#### [Task description]
Pictures stay out; please output the remaining data exactly.

#### [Collected data]
[Start of section]
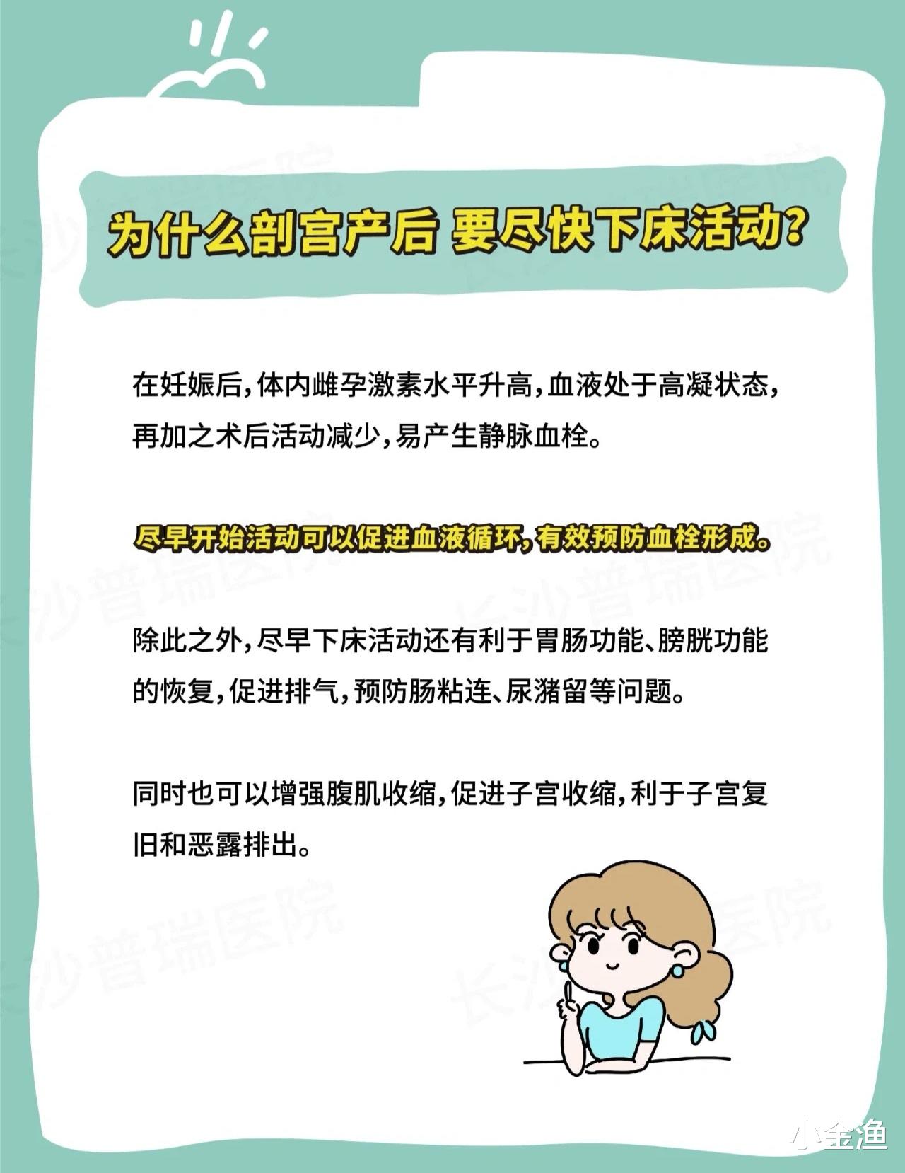 你可能会问,刚挨了一刀,身体虚弱得不行,为什么非要这么早下床呢?这可不是医生在刁难你,而是有非常重要的医学道理。首先,剖宫产手术后,我们的身体处于一种“高凝状态”,血液比平时更容易凝固,如果长时间躺在床上不动,血液流速变慢,很容易在腿部形成血栓。一旦血栓脱落,可能会引发非常危险的后果。尽早下床走动,腿部肌肉的收缩就像一个个小泵,能推动血液流动,有效预防血栓。其次,手术和麻醉会让我们的肠道暂时“罢工”,蠕动变慢,导致肚子胀气、不舒服。尽早下床活动,能刺激肠道“醒过来”,帮助尽早排气,还能预防肠粘连,让你能早点吃饭,恢复体力。最后,适当的活动还能促进恶露排出,帮助子宫更好地收缩恢复。所以,这痛苦的第一步,其实是通往快速康复的关键一步。
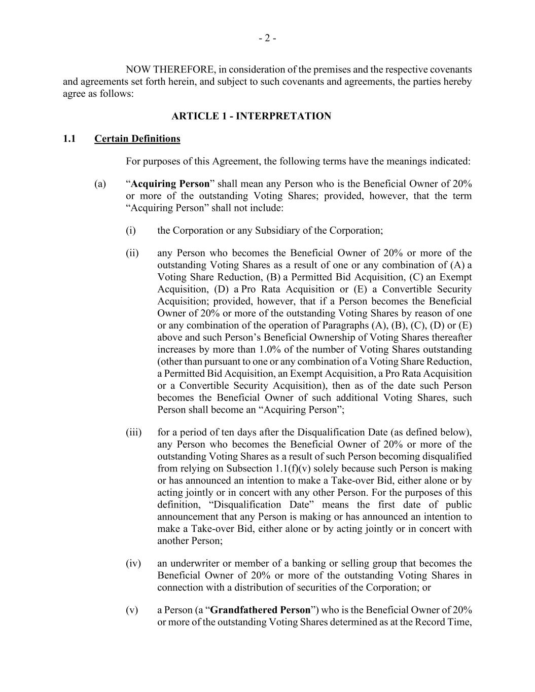-2-因此,考虑到本协议所载的前提和各自的契诺和协议,并在遵守该等契诺和协议的前提下,双方特此约定如下:第1条-解释1.1本协议的某些定义,以下术语具有所示含义:(a)“收购人”是指任何拥有20%或更多已发行有表决权股份的实益拥有人的人;但前提是,“收购人”一词不应包括:(i)公司或公司的任何附属公司;(ii)因(a)有表决权的股份减少、(b)许可的要约收购、(c)豁免收购、(d)按比例收购或(e)可转换证券收购的一项或任何组合而成为已发行有表决权股份20%或以上的实益拥有人的任何人;但前提是,如某人因上述(a)、(b)、(c)、(d)或(e)段的一项或任何组合的运作而成为已发行有表决权股份的20%或以上的实益拥有人,而该人其后对有表决权股份的实益拥有权增加超过已发行有表决权股份数目的1.0%(根据有表决权股份减少、许可的出价收购、豁免收购、按比例收购或可转换证券收购的一项或任何组合除外),则自该人成为该等额外有投票权股份的实益拥有人之日起,该人应成为“收购人”;(iii)在取消资格日期(定义见下文)后的十天内,任何成为已发行有投票权股份20%或以上的实益拥有人的人仅因该人正在单独或通过与任何其他人共同或一致行动的方式作出或已宣布有意作出收购要约而因该人丧失依赖第1.1(f)(v)款的资格。就本定义而言,“取消资格日期”指任何人正在作出或已宣布有意作出收购要约的第一个公开公告日期,单独或通过与另一人共同或一致行动;(iv)就公司的证券分销而成为已发行有表决权股份20%或以上的实益拥有人的银行或销售集团的承销商或成员;或(v)在记录时间已确定的已发行有表决权股份20%或以上的实益拥有人的人(“祖父人”),
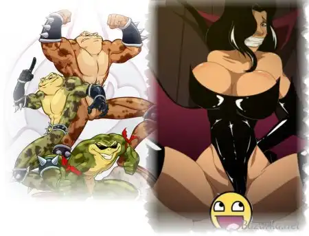 Да, Battletoads была сложна для прохождения. Хотя, самое сложное было пронестись по уровню на какой-то хрене, не врезавшись в столбы. Не суть! Сюжет Battletoads написал Гай Миллер и опубликовал в комиксе Nintendo Power. Сюжет довольно прост: две антропоморфные жабы Зитц (Zitz) и Рэш (Rash) обязаны спасти: жабу Пимпла (Pimple) и белокурую сучку по имени Принцесса Анжелика (Princess Angelique). Главный враг в игре Battletoads - Королева Тьмы (Dark Queen).
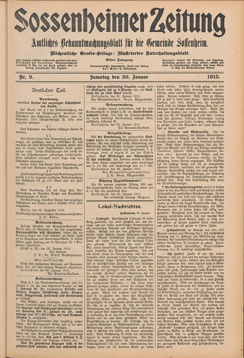 Regionale Zeitungen aus der Zeit des Ersten Weltkrieges
[End of section]
#### [Exercise response]
 你可能会问,刚挨了一刀,身体虚弱得不行,为什么非要这么早下床呢?这可不是医生在刁难你,而是有非常重要的医学道理。首先,剖宫产手术后,我们的身体处于一种“高凝状态”,血液比平时更容易凝固,如果长时间躺在床上不动,血液流速变慢,很容易在腿部形成血栓。一旦血栓脱落,可能会引发非常危险的后果。尽早下床走动,腿部肌肉的收缩就像一个个小泵,能推动血液流动,有效预防血栓。其次,手术和麻醉会让我们的肠道暂时“罢工”,蠕动变慢,导致肚子胀气、不舒服。尽早下床活动,能刺激肠道“醒过来”,帮助尽早排气,还能预防肠粘连,让你能早点吃饭,恢复体力。最后,适当的活动还能促进恶露排出,帮助子宫更好地收缩恢复。所以,这痛苦的第一步,其实是通往快速康复的关键一步。
-2-因此,考虑到本协议所载的前提和各自的契诺和协议,并在遵守该等契诺和协议的前提下,双方特此约定如下:第1条-解释1.1本协议的某些定义,以下术语具有所示含义:(a)“收购人”是指任何拥有20%或更多已发行有表决权股份的实益拥有人的人;但前提是,“收购人”一词不应包括:(i)公司或公司的任何附属公司;(ii)因(a)有表决权的股份减少、(b)许可的要约收购、(c)豁免收购、(d)按比例收购或(e)可转换证券收购的一项或任何组合而成为已发行有表决权股份20%或以上的实益拥有人的任何人;但前提是,如某人因上述(a)、(b)、(c)、(d)或(e)段的一项或任何组合的运作而成为已发行有表决权股份的20%或以上的实益拥有人,而该人其后对有表决权股份的实益拥有权增加超过已发行有表决权股份数目的1.0%(根据有表决权股份减少、许可的出价收购、豁免收购、按比例收购或可转换证券收购的一项或任何组合除外),则自该人成为该等额外有投票权股份的实益拥有人之日起,该人应成为“收购人”;(iii)在取消资格日期(定义见下文)后的十天内,任何成为已发行有投票权股份20%或以上的实益拥有人的人仅因该人正在单独或通过与任何其他人共同或一致行动的方式作出或已宣布有意作出收购要约而因该人丧失依赖第1.1(f)(v)款的资格。就本定义而言,“取消资格日期”指任何人正在作出或已宣布有意作出收购要约的第一个公开公告日期,单独或通过与另一人共同或一致行动;(iv)就公司的证券分销而成为已发行有表决权股份20%或以上的实益拥有人的银行或销售集团的承销商或成员;或(v)在记录时间已确定的已发行有表决权股份20%或以上的实益拥有人的人(“祖父人”),
 Да, Battletoads была сложна для прохождения. Хотя, самое сложное было пронестись по уровню на какой-то хрене, не врезавшись в столбы. Не суть! Сюжет Battletoads написал Гай Миллер и опубликовал в комиксе Nintendo Power. Сюжет довольно прост: две антропоморфные жабы Зитц (Zitz) и Рэш (Rash) обязаны спасти: жабу Пимпла (Pimple) и белокурую сучку по имени Принцесса Анжелика (Princess Angelique). Главный враг в игре Battletoads - Королева Тьмы (Dark Queen).
 Regionale Zeitungen aus der Zeit des Ersten Weltkrieges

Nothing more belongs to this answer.